Presented by Lucy Walker and Matthew Sandy
This is the first of Britten’s five canticles (number four was our first Work of the Week back in January. It was composed in 1947 to a text by the seventeenth century poet Francis Quarles, which had the subheading ‘Canticles ii, 16’: the poem draws on the Old Testament book The Song of Songs, or ‘Canticum canticorum’ – also known as the Canticles.
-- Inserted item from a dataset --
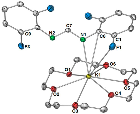 Although no monomeric [K(DFForm)(thf)x] species could be obtained from thf, we exploited the well-known affinity of 18-crown-6 for the potassium ion. Treatment of 1 with 18-crown-6 and crystallisation from a n-hexane/toluene solution, gave monomeric [K(DFForm)(18-crown-6)] (3). The structure was determined by X-ray crystallography, where the data were solved and refined in the monoclinic space group P21/n, with two molecules occupying the asymmetric unit (only one is depicted in Figure 6). The most surprising feature of this structure is the κ(N,C,F) coordination of the DFForm ligand to the potassium centre, as opposed to the expected κ(N,N′) coordination that is observed in [K(p-TolForm)(18-crown-6)] [32], and in several other C{NCXN}−C based ligand systems [18], such as [K(pyr)(18-crown-6)] (pyr = 1,3,4,6,7,8-hexahydro-2H-pyrimido[1,2-a]pyrimidide) [37]. The ipso carbon–potassium bond length (Figure 6) lies in the expected range for such interactions. For example, the ipso-carbon potassium interactions observed in the bimetallic 2,6-diphenylphenolate complex [KCa(OArPh)3], has a K–Cipso bond lengths of 3.391(6) Å [38] and the K–Cipso bond length in the phenylthiolato complex [K2Fe(SPh)4] is 3.477 (5) Å [39]. Despite the non-binding of N2, there is still charge delocalisation across the NCN bite, as there is only a slight shortening of the free C7–N2 bond, making it far too long for a formal double bond (e.g., DFForm(CPh3): C=N: 1.2762(12) Å) [17].

Taking its lead from The Song of Songs, Quarles’ poem is full of beautiful, sensuous imagery and is punctuated by the regular refrain ‘I my best beloved’s am – so he is mine’. The ‘he’ in the original text is no doubt meant to be God; but in Britten’s setting, composed for his lover Peter Pears, it has a further and unmistakable resonance.
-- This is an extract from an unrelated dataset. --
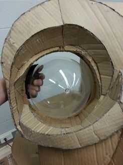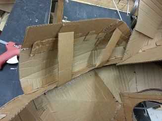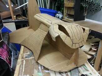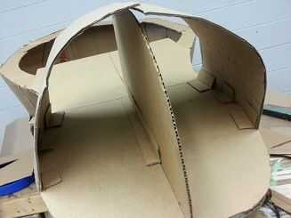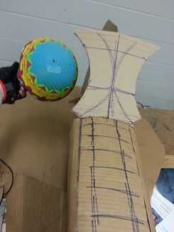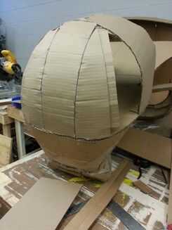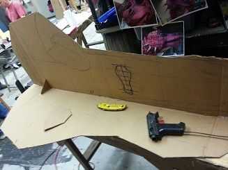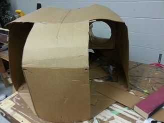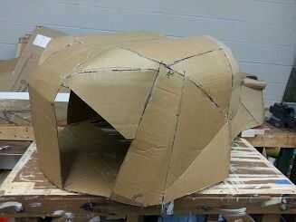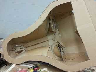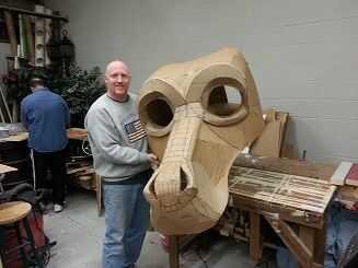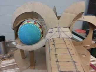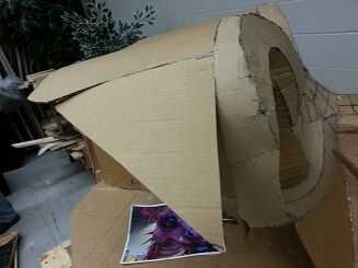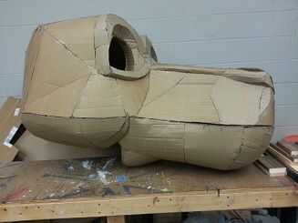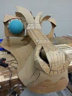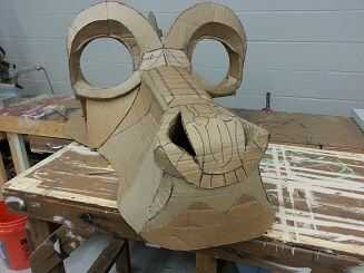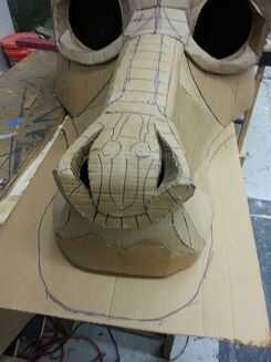 Empecé por buscar un cuadro de referencia después de determinar su cabeza sería cinco pies de largo, tres pies de ancho y cuatro pies de altura. Dibujaba líneas de referencia en el dibujo y trasladaron a un pedazo grande de cartón. A partir de ahí comencé sólo corte, doblez y pegado caliente para crear la forma de su cabeza.

Canticle I was first performed at Central Hall, Westminster, on 1 November 1947 as part of a memorial concert for Dick Sheppard, founder of the Peace Pledge Union. It is remarkable that this heavily romantic song, performed by two men on stage and with a male-specific love object at the centre, did not give rise to any comment. As Paul Kildea puts it, in his biography of Benjamin Britten, ‘What polite and peculiar times were these when such a display could go unremarked?’. This Canticle was featured in our Queer Talk exhibition in 2017: it is a work which bravely expresses same-sex love at a time when it was very dangerous to do so.